WHAT YOU ARE ASKED TO DO – Could you return each entry below exactly as written, minus any pictures?

MATERIAL SUPPLIED –
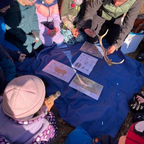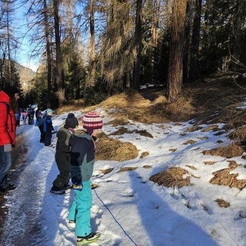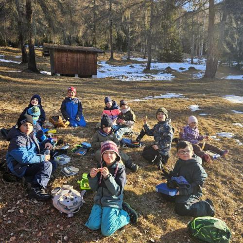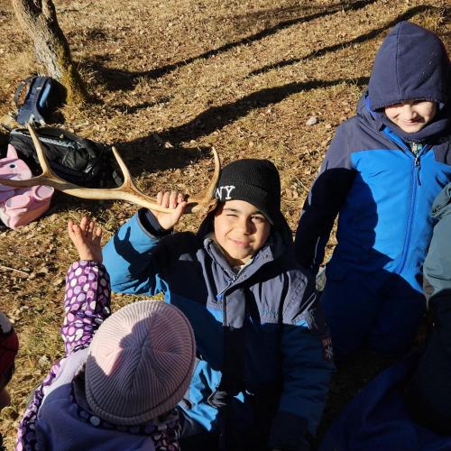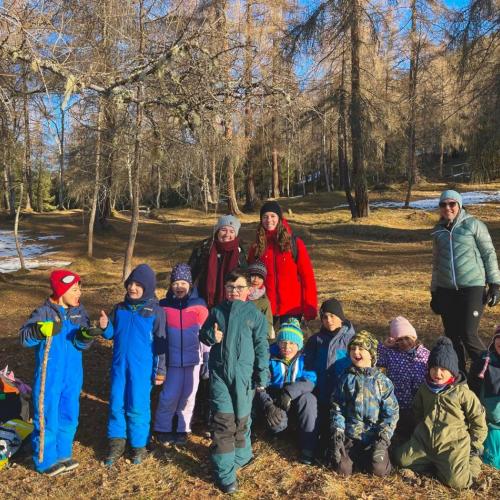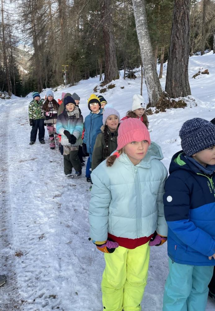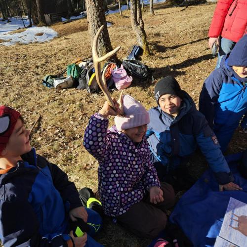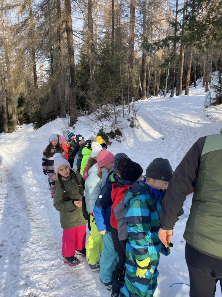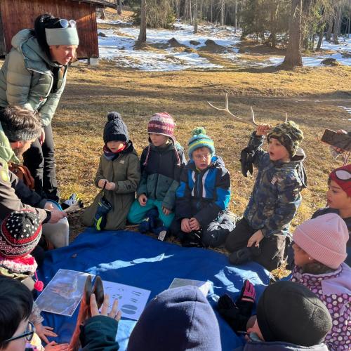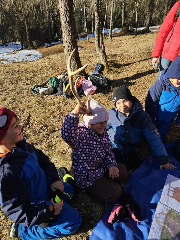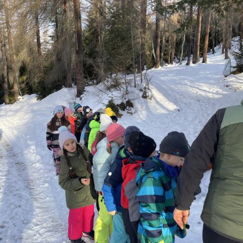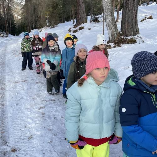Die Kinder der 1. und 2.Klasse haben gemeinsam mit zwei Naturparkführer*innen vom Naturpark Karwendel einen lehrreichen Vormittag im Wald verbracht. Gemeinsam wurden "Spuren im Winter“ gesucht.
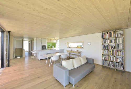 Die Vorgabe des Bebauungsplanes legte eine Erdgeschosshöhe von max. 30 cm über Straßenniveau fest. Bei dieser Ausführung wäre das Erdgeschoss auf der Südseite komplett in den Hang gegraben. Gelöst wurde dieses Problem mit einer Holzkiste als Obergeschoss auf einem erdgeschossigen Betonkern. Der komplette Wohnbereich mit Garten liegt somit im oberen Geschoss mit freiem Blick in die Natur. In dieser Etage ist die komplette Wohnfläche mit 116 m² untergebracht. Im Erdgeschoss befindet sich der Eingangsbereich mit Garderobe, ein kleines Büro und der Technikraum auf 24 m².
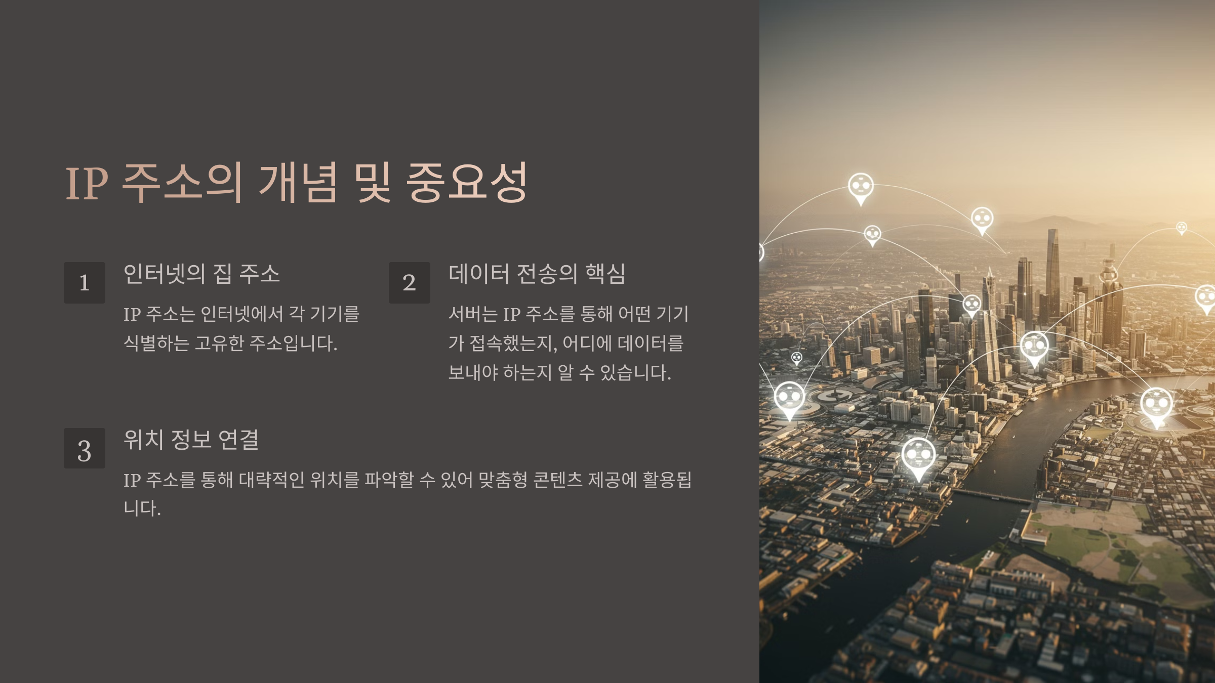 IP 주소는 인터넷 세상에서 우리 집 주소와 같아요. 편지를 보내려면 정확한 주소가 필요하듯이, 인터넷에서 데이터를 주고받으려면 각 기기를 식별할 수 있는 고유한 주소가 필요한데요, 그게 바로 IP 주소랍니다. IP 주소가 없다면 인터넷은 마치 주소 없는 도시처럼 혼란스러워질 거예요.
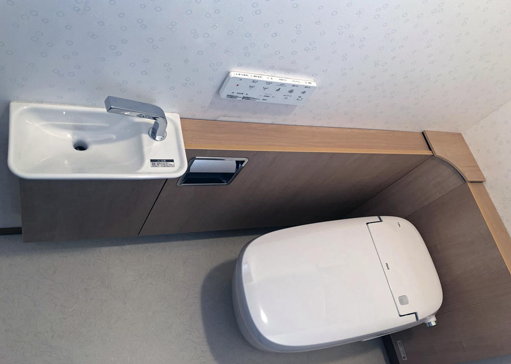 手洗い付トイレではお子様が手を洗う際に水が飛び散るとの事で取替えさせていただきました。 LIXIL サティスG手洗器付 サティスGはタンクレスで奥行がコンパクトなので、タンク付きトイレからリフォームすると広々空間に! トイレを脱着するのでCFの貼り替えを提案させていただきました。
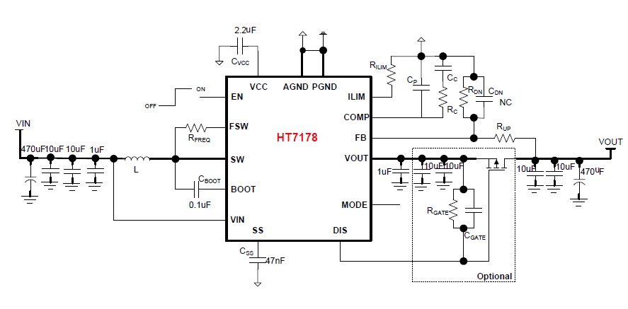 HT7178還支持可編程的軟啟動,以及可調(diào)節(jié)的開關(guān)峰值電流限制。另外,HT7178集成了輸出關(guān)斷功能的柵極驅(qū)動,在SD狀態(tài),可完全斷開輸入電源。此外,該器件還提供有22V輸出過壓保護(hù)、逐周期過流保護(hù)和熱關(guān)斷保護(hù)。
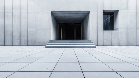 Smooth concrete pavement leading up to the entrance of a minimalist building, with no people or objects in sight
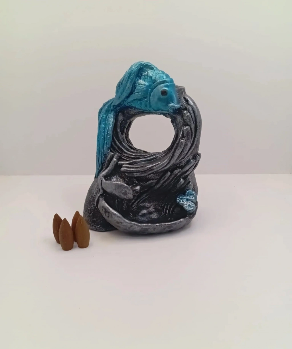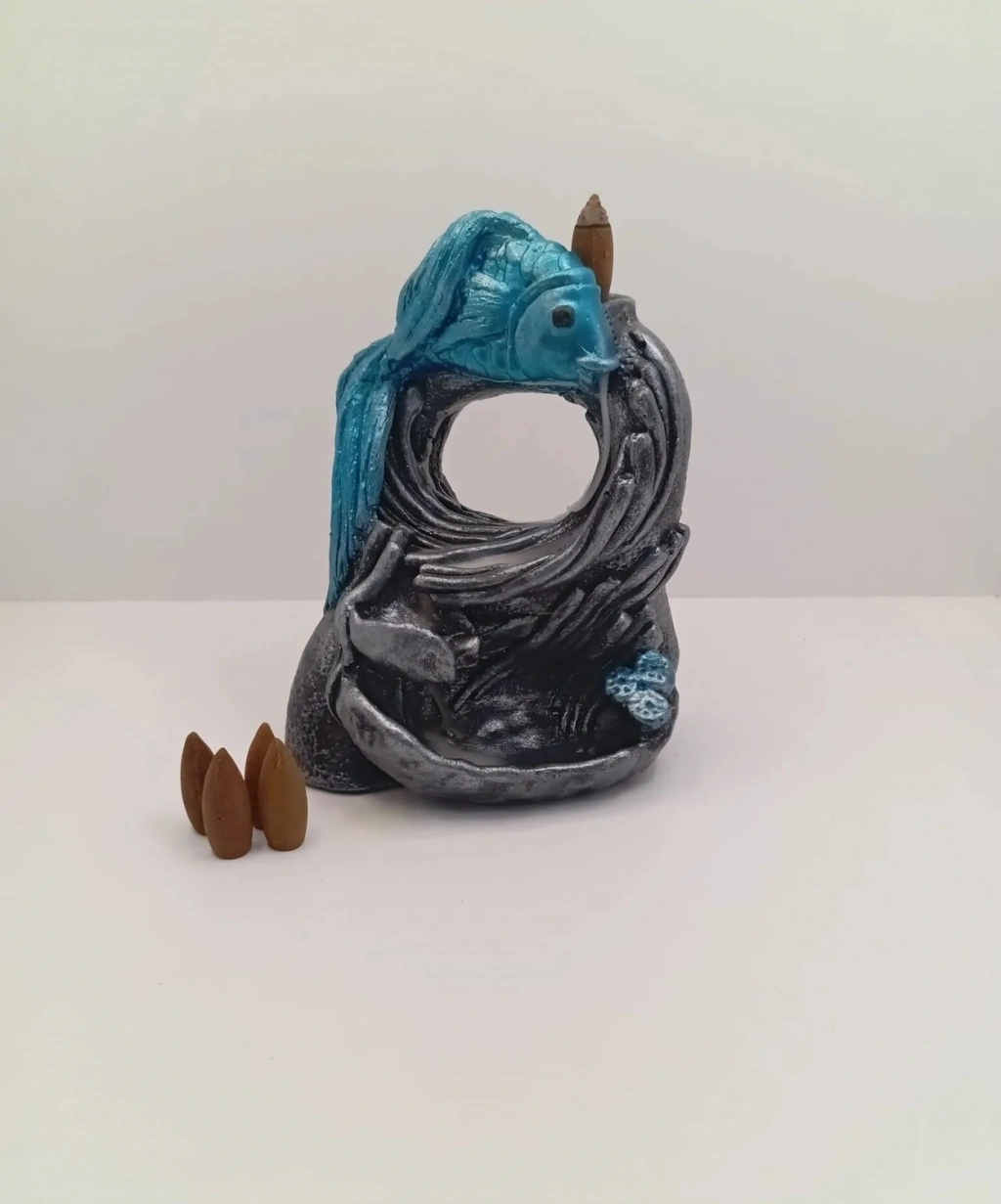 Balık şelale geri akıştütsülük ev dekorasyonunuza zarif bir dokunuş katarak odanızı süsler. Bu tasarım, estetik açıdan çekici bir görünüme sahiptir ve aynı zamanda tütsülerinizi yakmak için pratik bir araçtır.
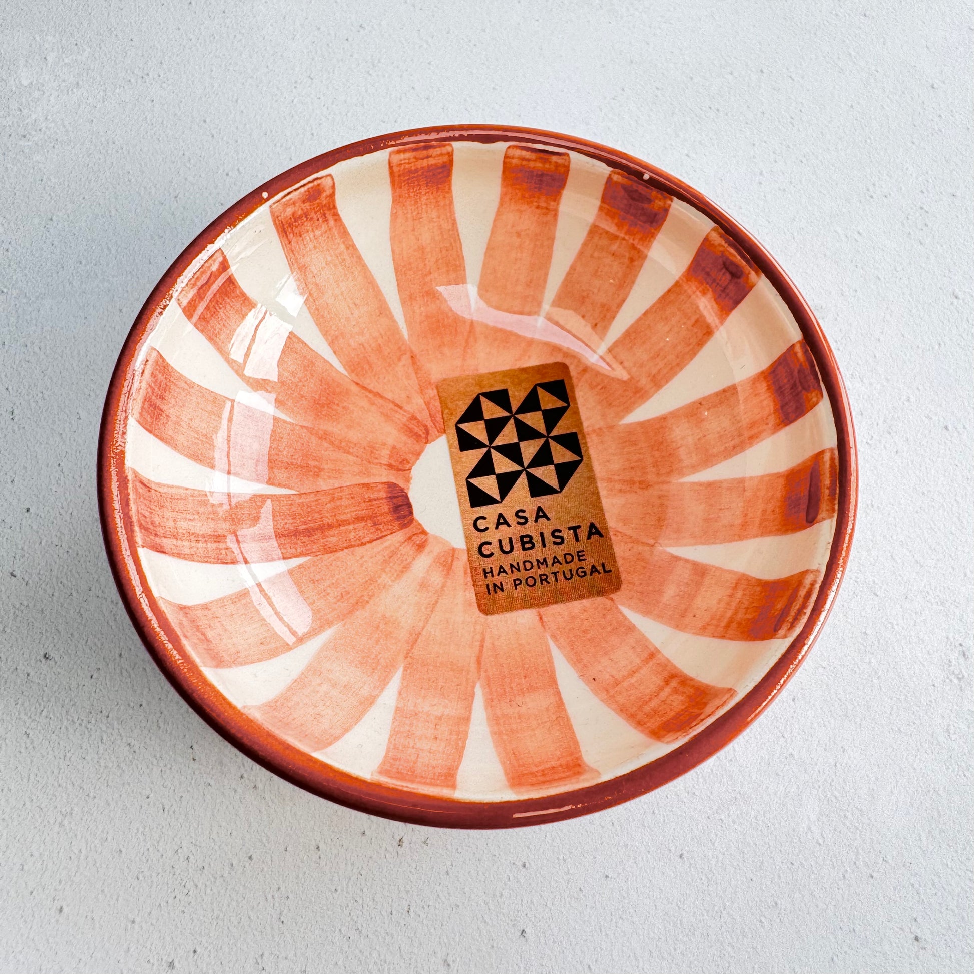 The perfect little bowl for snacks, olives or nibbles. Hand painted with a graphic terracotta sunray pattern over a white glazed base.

COMPLETED EXERCISE –
Die Kinder der 1. und 2.Klasse haben gemeinsam mit zwei Naturparkführer*innen vom Naturpark Karwendel einen lehrreichen Vormittag im Wald verbracht. Gemeinsam wurden "Spuren im Winter“ gesucht.
 Die Vorgabe des Bebauungsplanes legte eine Erdgeschosshöhe von max. 30 cm über Straßenniveau fest. Bei dieser Ausführung wäre das Erdgeschoss auf der Südseite komplett in den Hang gegraben. Gelöst wurde dieses Problem mit einer Holzkiste als Obergeschoss auf einem erdgeschossigen Betonkern. Der komplette Wohnbereich mit Garten liegt somit im oberen Geschoss mit freiem Blick in die Natur. In dieser Etage ist die komplette Wohnfläche mit 116 m² untergebracht. Im Erdgeschoss befindet sich der Eingangsbereich mit Garderobe, ein kleines Büro und der Technikraum auf 24 m².
 IP 주소는 인터넷 세상에서 우리 집 주소와 같아요. 편지를 보내려면 정확한 주소가 필요하듯이, 인터넷에서 데이터를 주고받으려면 각 기기를 식별할 수 있는 고유한 주소가 필요한데요, 그게 바로 IP 주소랍니다. IP 주소가 없다면 인터넷은 마치 주소 없는 도시처럼 혼란스러워질 거예요.
 手洗い付トイレではお子様が手を洗う際に水が飛び散るとの事で取替えさせていただきました。 LIXIL サティスG手洗器付 サティスGはタンクレスで奥行がコンパクトなので、タンク付きトイレからリフォームすると広々空間に! トイレを脱着するのでCFの貼り替えを提案させていただきました。
 HT7178還支持可編程的軟啟動,以及可調(diào)節(jié)的開關(guān)峰值電流限制。另外,HT7178集成了輸出關(guān)斷功能的柵極驅(qū)動,在SD狀態(tài),可完全斷開輸入電源。此外,該器件還提供有22V輸出過壓保護(hù)、逐周期過流保護(hù)和熱關(guān)斷保護(hù)。
 Smooth concrete pavement leading up to the entrance of a minimalist building, with no people or objects in sight
 Balık şelale geri akıştütsülük ev dekorasyonunuza zarif bir dokunuş katarak odanızı süsler. Bu tasarım, estetik açıdan çekici bir görünüme sahiptir ve aynı zamanda tütsülerinizi yakmak için pratik bir araçtır.
 The perfect little bowl for snacks, olives or nibbles. Hand painted with a graphic terracotta sunray pattern over a white glazed base.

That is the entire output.